32-bit word where the pixels are laid out as follows.
lo-byte lo-byte neighbor
0 4 8 C 048C 0 4 8 C
+---------------+
1|5 9 D 159D 1|5 9 D
| |
2|6 A E 26AE 2|6 A E
+---------------+
3 7 B F 37BF 3 7 B F
|-------------| << slice A
|---------------| << slice B
|---------------| << slice C
Notice how this structure has 16 bits in the middle that need to be looked up.
I want to calculate neighbor counts for each of the 16 bits in the middle using SSE2.
In order to do this I put slice A in XMM0 low-dword, slice B in XXM0-dword1 etc.
I copy XMM0 to XMM1 and I mask off bits 012-456-89A for bit 5 in the low word of XMM0, do the same for word1 of XMM0, etc. using different slices and masks to make sure each word in XMM0 and XMM1 holds the neighbors for a different pixel.
Question
How do I tweak the MIT-bitcount to end up with a bitcount per word/pixel in each XMM word?
Remarks
I don't want to use a lookup table, because I already have that approach and I want to
test to see if SSE2 will speed up the process by not requiring memory accesses to the lookup table.
An answer using SSE assembly would be optimal, because I'm programming this in Delphi and I'm thus using x86+SSE2 assembly code.
The MIT algorithm would be tough to implement in SSE2, since there is no integer modulus instruction which could be used for the final ... % 255 expression.
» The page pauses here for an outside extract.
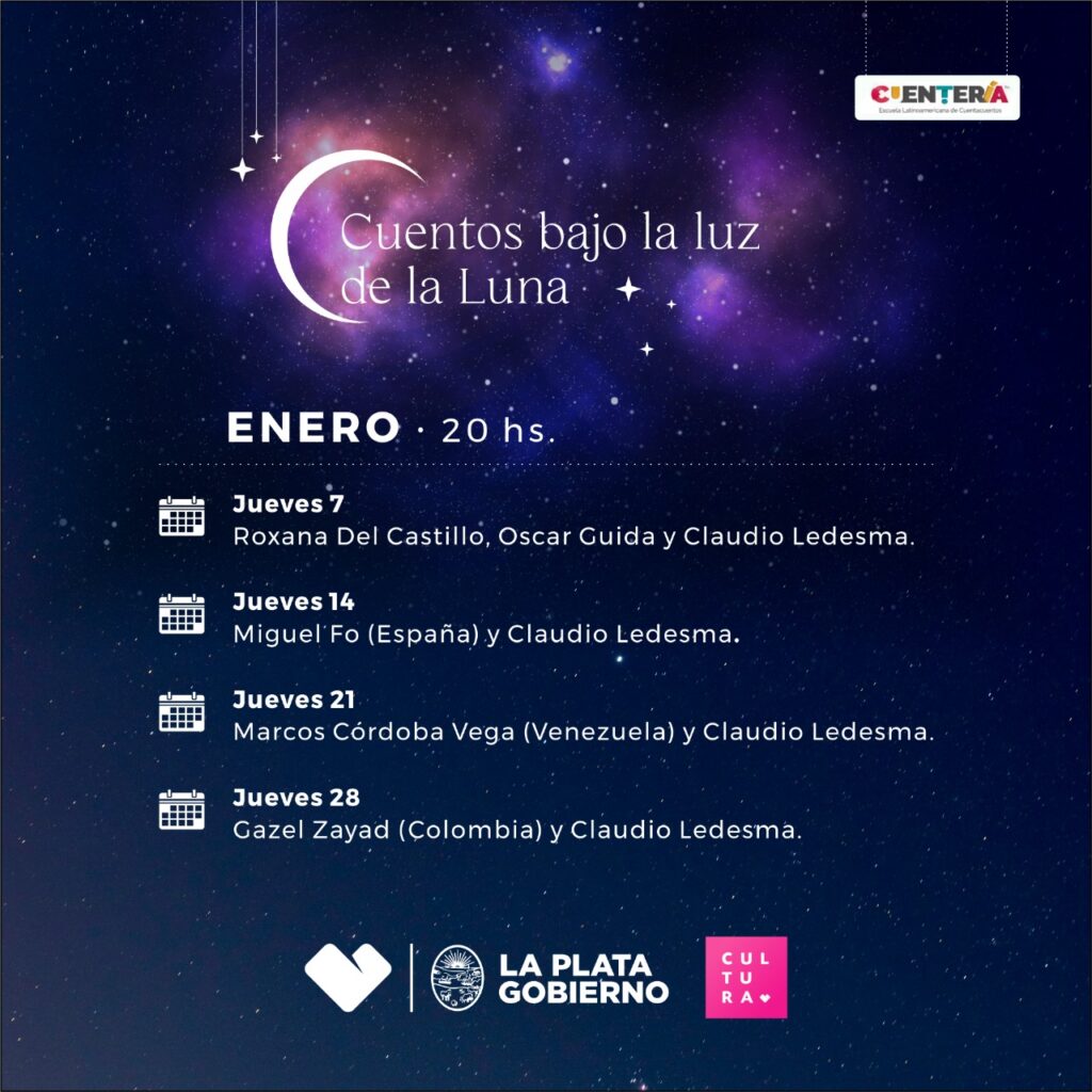 Todos los jueves de enero, febrero y marzo, la Municipalidad de La Plata, a través de la Secretaría de Cultura y Educación, vuelve a presentar el ciclo de “Cuentos bajo la luz de la luna”, que tanta aceptación del público ha tenido en sus anteriores ediciones.

Of the various popcnt methods out there, the one that lends itself to SSE most easily and efficiently is probably the first one in Chapter 5 of "Hackers Delight" by Henry S. Warren, which I have implemented here in C using SSE intrinsics:
#include <stdio.h>
#include <emmintrin.h>
__m128i _mm_popcnt_epi16(__m128i v)
{
v = _mm_add_epi16(_mm_and_si128(v, _mm_set1_epi16(0x5555)), _mm_and_si128(_mm_srli_epi16(v, 1), _mm_set1_epi16(0x5555)));
v = _mm_add_epi16(_mm_and_si128(v, _mm_set1_epi16(0x3333)), _mm_and_si128(_mm_srli_epi16(v, 2), _mm_set1_epi16(0x3333)));
v = _mm_add_epi16(_mm_and_si128(v, _mm_set1_epi16(0x0f0f)), _mm_and_si128(_mm_srli_epi16(v, 4), _mm_set1_epi16(0x0f0f)));
v = _mm_add_epi16(_mm_and_si128(v, _mm_set1_epi16(0x00ff)), _mm_and_si128(_mm_srli_epi16(v, 8), _mm_set1_epi16(0x00ff)));
return v;
}
int main(void)
{
__m128i v0 = _mm_set_epi16(7, 6, 5, 4, 3, 2, 1, 0);
__m128i v1;
v1 = _mm_popcnt_epi16(v0);
printf("v0 = %vhd\n", v0);
printf("v1 = %vhd\n", v1);
return 0;
}
Compile and test as follows:
$ gcc -Wall -msse2 _mm_popcnt_epi16.c -o _mm_popcnt_epi16
$ ./_mm_popcnt_epi16
v0 = 0 1 2 3 4 5 6 7
v1 = 0 1 1 2 1 2 2 3
$
It looks like around 16 arithmetic/logical instructions so it should run at around 16 / 8 = 2 clocks per point.
You can easily convert this to raw assembler if you need to - each intrinsic maps to a single instruction.